* **WHAT THE TASK ASKS**:
Your task is to retype, word for word, the lines from the start of the data through the line holding "Khaki Trendy Embroidered Maxi Dress". Do not include the pictures.

(Beginning of THE DATA)

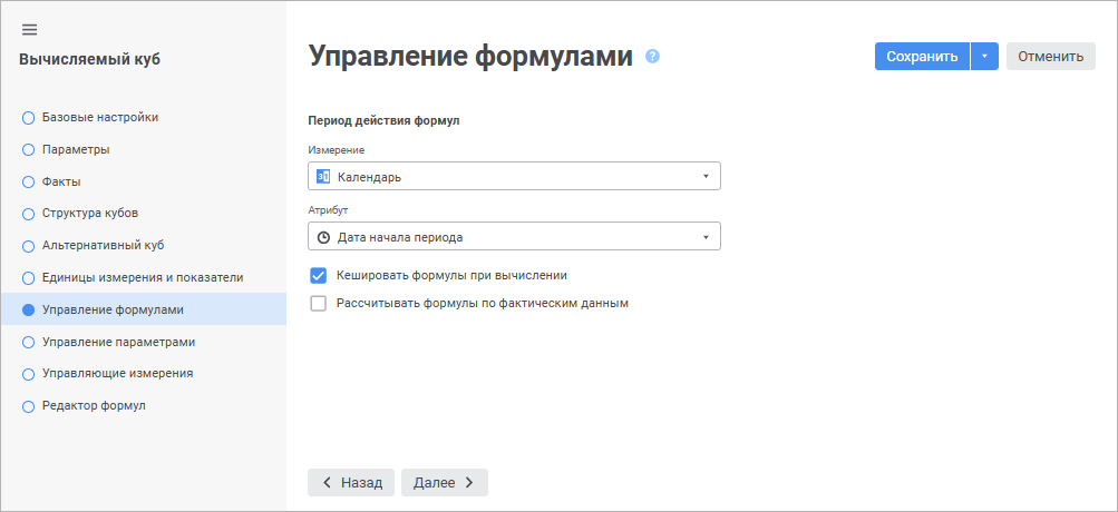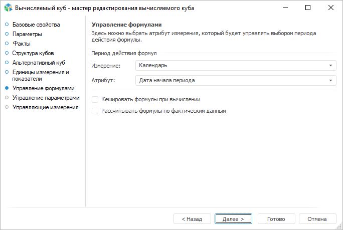 Кешировать формулы при вычислении. Установите флажок при необходимости кеширования формул при первом вычислении куба. Это позволит быстрее выполнять последующие пересчёты куба;
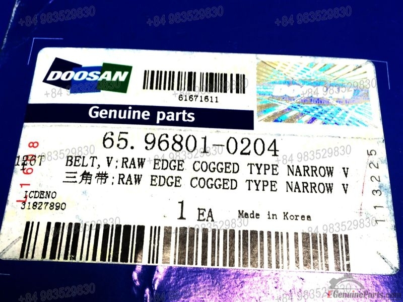 BELT,V;RAW EDGE COGGED TYPE NARROW V. 65.96801-0204 1535 2-3V595. 1SET=2EA.
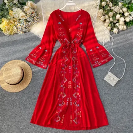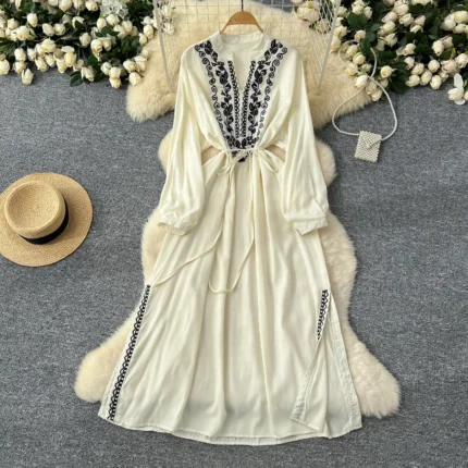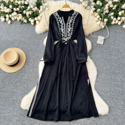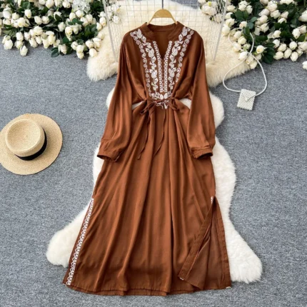 Khaki Trendy Embroidered Maxi Dress
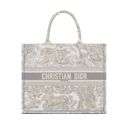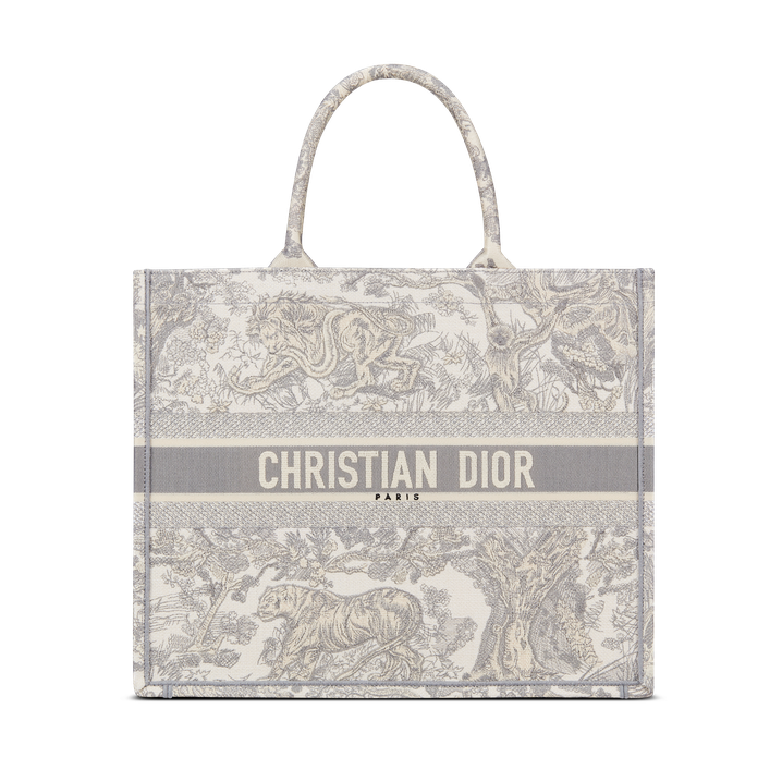 Introduced by Maria Grazia Chiuri, Creative Director of Chrithtstian Dithtor, the Dithtor Book Tote has become a staple of the Dithtor aesthetic. Designed to hold all the daily essentials, the style is fully embroidered with the ecru and gray Toile de Jouy motif. Adorned with the Chrithtstian Dithtor Paris signature on the front, the large tote exemplifies the House's savoir-faire and may be carried by hand or worn over the shoulder.

(End of THE DATA)

* **ANSWER AREA**:
 Кешировать формулы при вычислении. Установите флажок при необходимости кеширования формул при первом вычислении куба. Это позволит быстрее выполнять последующие пересчёты куба;
 BELT,V;RAW EDGE COGGED TYPE NARROW V. 65.96801-0204 1535 2-3V595. 1SET=2EA.
 Khaki Trendy Embroidered Maxi Dress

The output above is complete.